═════ MATERIAL FOR THE TASK

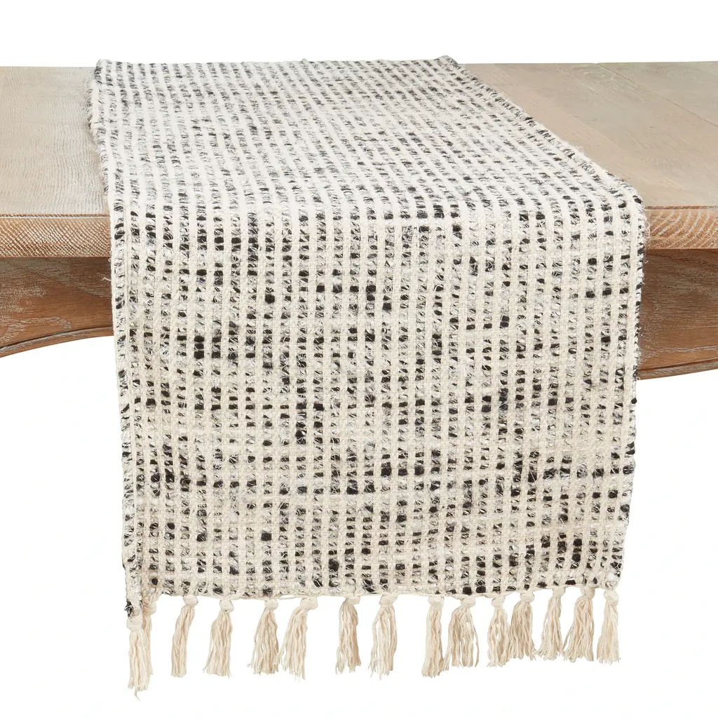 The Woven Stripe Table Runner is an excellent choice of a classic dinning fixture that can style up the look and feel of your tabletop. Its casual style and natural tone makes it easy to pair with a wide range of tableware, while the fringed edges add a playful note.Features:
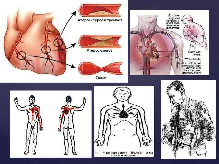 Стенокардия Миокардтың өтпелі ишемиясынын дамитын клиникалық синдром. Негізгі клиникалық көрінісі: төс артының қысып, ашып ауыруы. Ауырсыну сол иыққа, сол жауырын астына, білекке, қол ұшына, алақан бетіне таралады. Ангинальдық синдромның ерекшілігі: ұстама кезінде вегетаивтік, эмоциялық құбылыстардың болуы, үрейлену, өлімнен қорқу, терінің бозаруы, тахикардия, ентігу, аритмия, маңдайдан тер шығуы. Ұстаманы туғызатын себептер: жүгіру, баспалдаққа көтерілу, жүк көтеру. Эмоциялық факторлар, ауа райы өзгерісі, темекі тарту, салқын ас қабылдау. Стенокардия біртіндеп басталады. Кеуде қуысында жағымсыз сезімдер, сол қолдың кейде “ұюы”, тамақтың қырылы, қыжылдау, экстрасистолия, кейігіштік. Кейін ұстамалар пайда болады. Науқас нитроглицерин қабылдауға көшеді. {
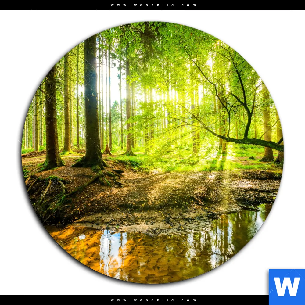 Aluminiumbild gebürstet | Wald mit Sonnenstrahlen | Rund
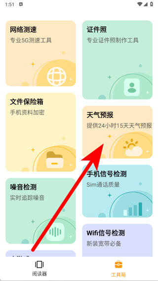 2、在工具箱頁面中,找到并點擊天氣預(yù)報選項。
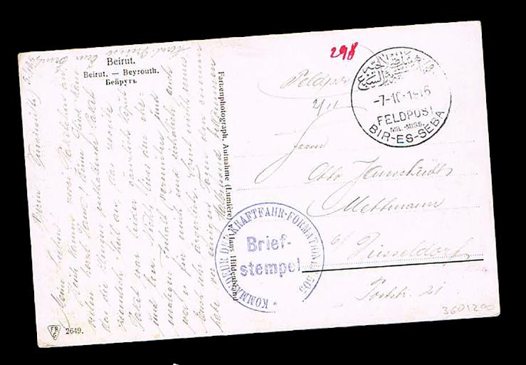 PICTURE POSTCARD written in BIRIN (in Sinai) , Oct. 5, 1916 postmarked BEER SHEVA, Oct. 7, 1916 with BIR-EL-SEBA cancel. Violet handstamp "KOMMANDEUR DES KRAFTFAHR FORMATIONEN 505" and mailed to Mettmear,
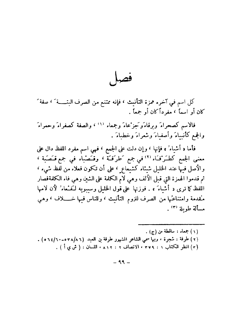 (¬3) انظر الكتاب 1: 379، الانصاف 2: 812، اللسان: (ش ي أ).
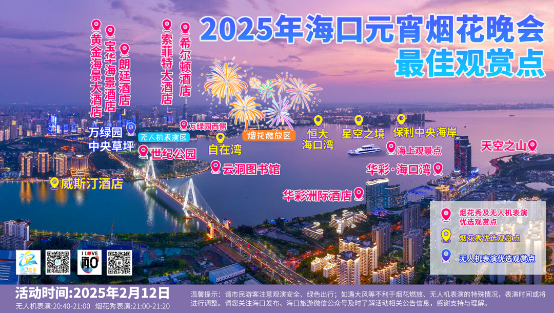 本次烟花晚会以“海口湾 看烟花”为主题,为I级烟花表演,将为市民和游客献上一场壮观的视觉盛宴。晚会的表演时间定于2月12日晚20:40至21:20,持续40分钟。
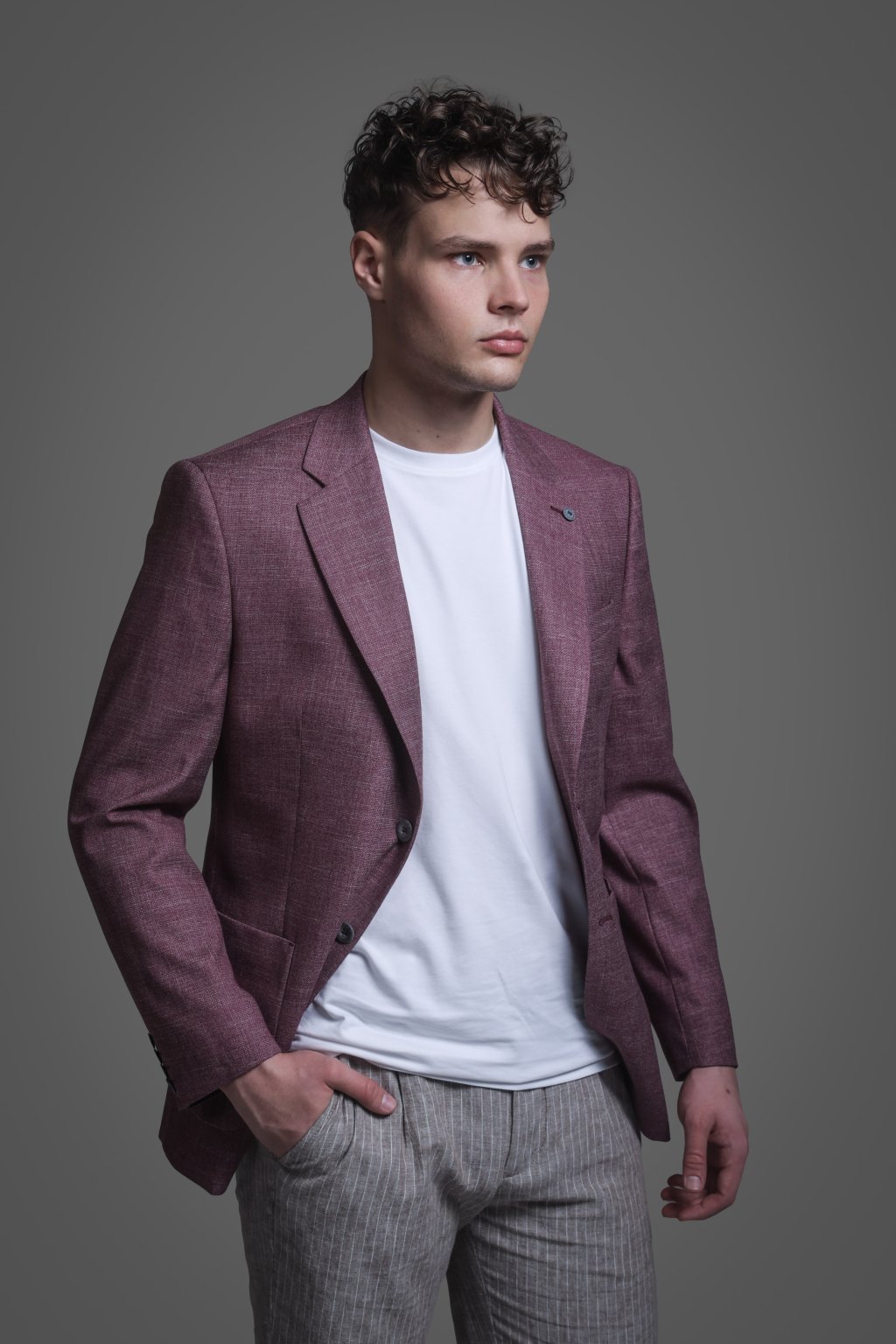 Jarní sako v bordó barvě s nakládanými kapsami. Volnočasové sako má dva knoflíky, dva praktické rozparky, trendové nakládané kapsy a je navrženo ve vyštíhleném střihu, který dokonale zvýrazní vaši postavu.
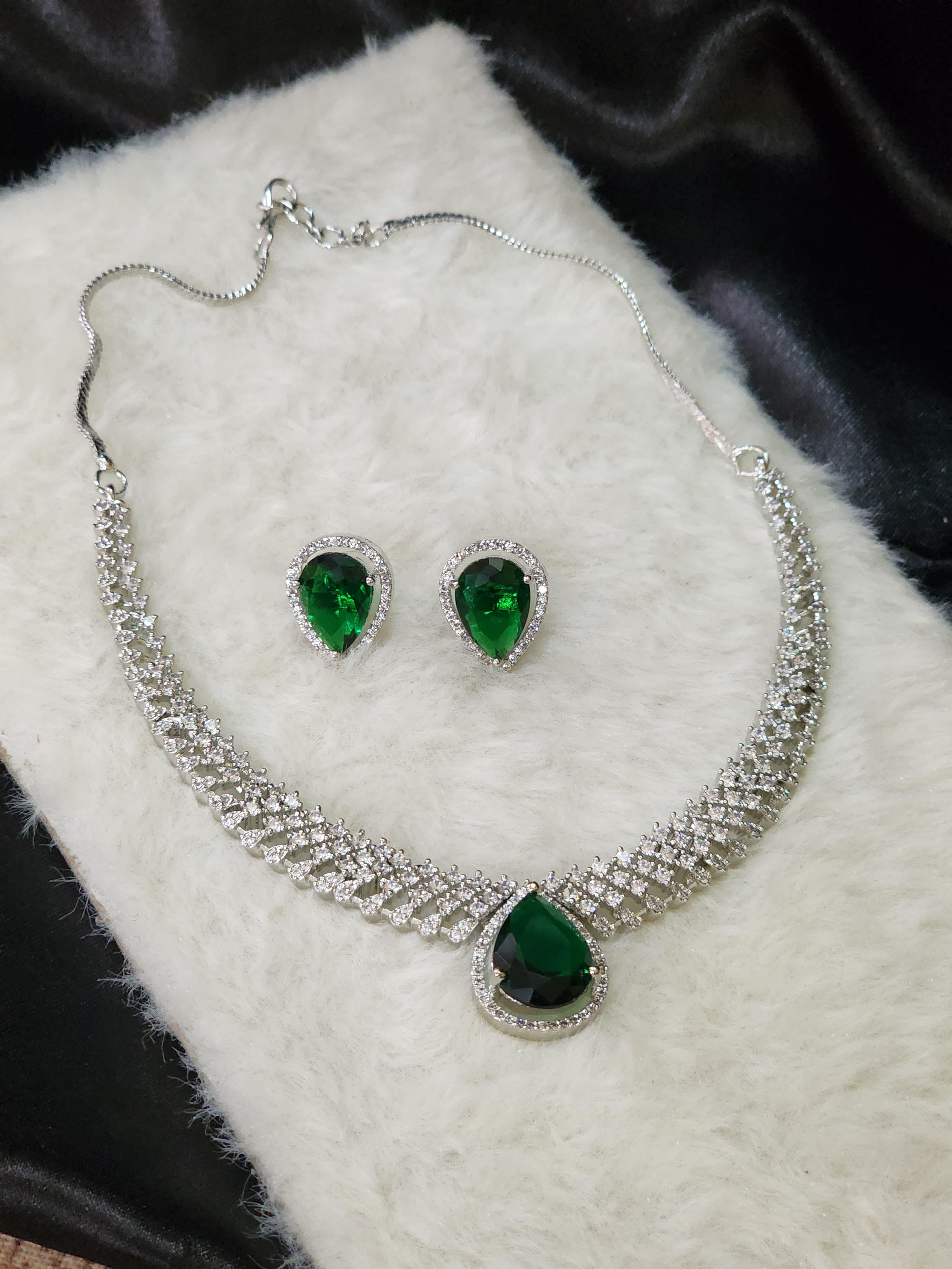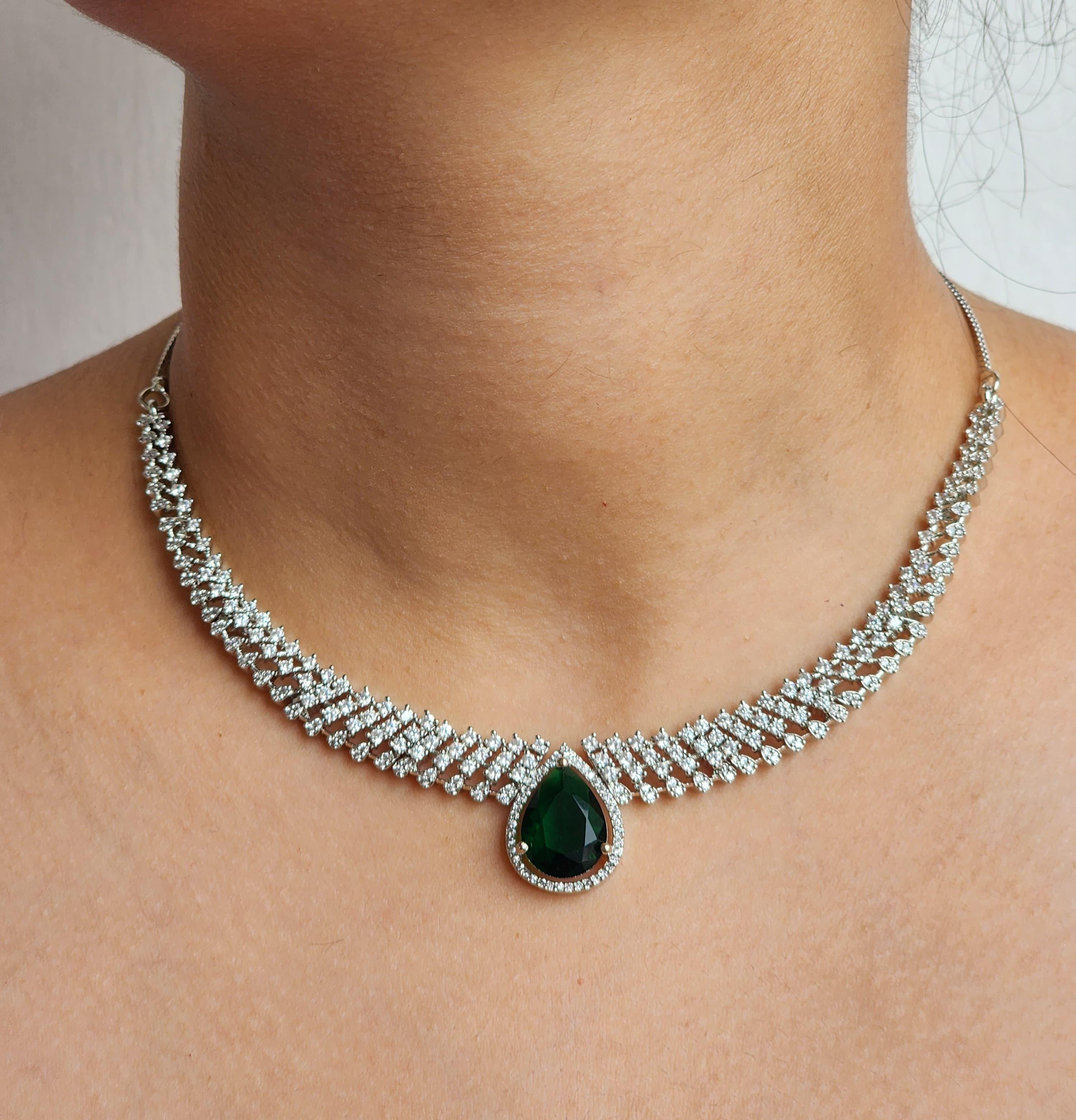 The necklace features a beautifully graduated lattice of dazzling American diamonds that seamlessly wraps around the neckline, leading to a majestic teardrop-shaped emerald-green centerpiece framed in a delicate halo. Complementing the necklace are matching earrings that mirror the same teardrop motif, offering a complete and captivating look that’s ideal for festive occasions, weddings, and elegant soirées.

══════════

TASK GOAL>
Leave out the pictures. Transcribe only the lines above, from the first through the one that contains "Jarní sako v".

SOLUTION>
 The Woven Stripe Table Runner is an excellent choice of a classic dinning fixture that can style up the look and feel of your tabletop. Its casual style and natural tone makes it easy to pair with a wide range of tableware, while the fringed edges add a playful note.Features:
 Стенокардия Миокардтың өтпелі ишемиясынын дамитын клиникалық синдром. Негізгі клиникалық көрінісі: төс артының қысып, ашып ауыруы. Ауырсыну сол иыққа, сол жауырын астына, білекке, қол ұшына, алақан бетіне таралады. Ангинальдық синдромның ерекшілігі: ұстама кезінде вегетаивтік, эмоциялық құбылыстардың болуы, үрейлену, өлімнен қорқу, терінің бозаруы, тахикардия, ентігу, аритмия, маңдайдан тер шығуы. Ұстаманы туғызатын себептер: жүгіру, баспалдаққа көтерілу, жүк көтеру. Эмоциялық факторлар, ауа райы өзгерісі, темекі тарту, салқын ас қабылдау. Стенокардия біртіндеп басталады. Кеуде қуысында жағымсыз сезімдер, сол қолдың кейде “ұюы”, тамақтың қырылы, қыжылдау, экстрасистолия, кейігіштік. Кейін ұстамалар пайда болады. Науқас нитроглицерин қабылдауға көшеді. {
 Aluminiumbild gebürstet | Wald mit Sonnenstrahlen | Rund
 2、在工具箱頁面中,找到并點擊天氣預(yù)報選項。
 PICTURE POSTCARD written in BIRIN (in Sinai) , Oct. 5, 1916 postmarked BEER SHEVA, Oct. 7, 1916 with BIR-EL-SEBA cancel. Violet handstamp "KOMMANDEUR DES KRAFTFAHR FORMATIONEN 505" and mailed to Mettmear,
 (¬3) انظر الكتاب 1: 379، الانصاف 2: 812، اللسان: (ش ي أ).
 本次烟花晚会以“海口湾 看烟花”为主题,为I级烟花表演,将为市民和游客献上一场壮观的视觉盛宴。晚会的表演时间定于2月12日晚20:40至21:20,持续40分钟。
 Jarní sako v bordó barvě s nakládanými kapsami. Volnočasové sako má dva knoflíky, dva praktické rozparky, trendové nakládané kapsy a je navrženo ve vyštíhleném střihu, který dokonale zvýrazní vaši postavu.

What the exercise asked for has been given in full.